By Sharyn  L. Decker
Lewis County Sirens news reporter

CHEHALIS – Although Toledo Elementary School Principal Ron Reynolds has refused to testify in the coroner’s inquest into his wife’s December 1998 death, his elderly mother took the stand yesterday and spoke of her last contact with her daughter-in-law.

“She called me three times that day,” Laura Reynolds said. “She told me she could not go on living without him.”

Laura Reynolds said she met Ronda Reynolds a short time before  the couple was married, less than a year earlier.

Her daughter in-law- was crying, she said, saying she couldn’t give up her husband to another woman, she loved him so much.

The following morning, the 33-year-old former trooper was found dead on the floor of a closet, with a bullet in her head and covered up by a turned-on electric blanket.

The couple were separating and she had purchased a ticket to fly home to her family in Spokane later that day.

As the inquiry in a Chehalis courtroom nears the end of its first week, a similar question has been posed to most of the witnesses by Lewis County Coroner Warren McLeod.

Did she ever say she was going to hurt herself? What do you think happened?

The Lewis County Sheriff’s Office admits some responsibility in what has come to be known as an error-plagued first investigation.

At the urging of Barb Thompson, the dead woman’s mother, the sheriff’s office requested a well-known New York homicide expert to review the case.

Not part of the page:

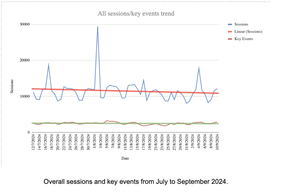 We examined their Google Analytics 4 (GA4) and Google Search Console (GSC) data to assess organic trends and overall traffic patterns.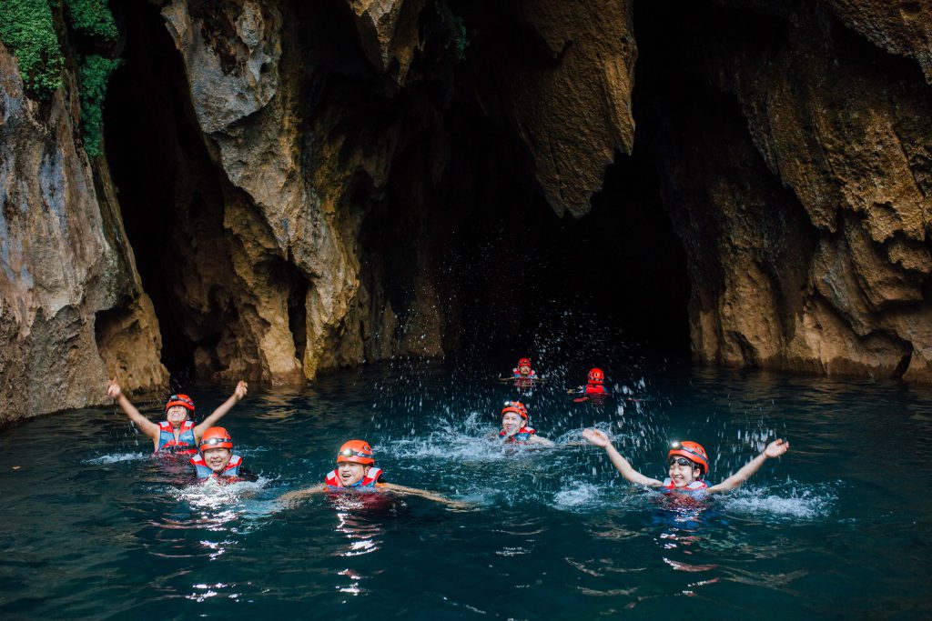 - Bơi và lặn khám phá 1km bên trong hang E.

Vernon Geberth was highly critical of their work and their conclusion of suicide.

Geberth concluded it was a staged crime scene, with only one individual interviewed who said they believed she killed herself.

“The only person who stated suicide was the husband, whose gun was used and discovered her body,” Geberth wrote in his report.

Later the same year, then-Sheriff John McCroskey sought another review, from a trio of homicide experts in the state Attorney General’s Office. The case file by then included new interviews conducted by then-detective Sgt. Glade Austin, who supervised the sheriff’s detectives.

George Fox testified yesterday he and his partners at the Attorney General’s office concurred it should be classified as a suicide.

Missing evidence did not and would not alter their findings, Fox said.

Among those who knew Ronda Reynolds and testified was Mark Liburdi.

Their eight year marriage ended a year before her death, Liburdi said.

“Yes I was surprised about the suicide, I remember saying to others, ‘no way’,” Liburdi said.

The woman he called “tough as a pistol” never conveyed such sentiment in words or behavior, he said testifying by telephone.

However, the relationship between the two state troopers was less than close in some ways, according to his testimony. They didn’t mingle their finances and he didn’t learn until after their divorce her medication was for bi-polar disorder, he said.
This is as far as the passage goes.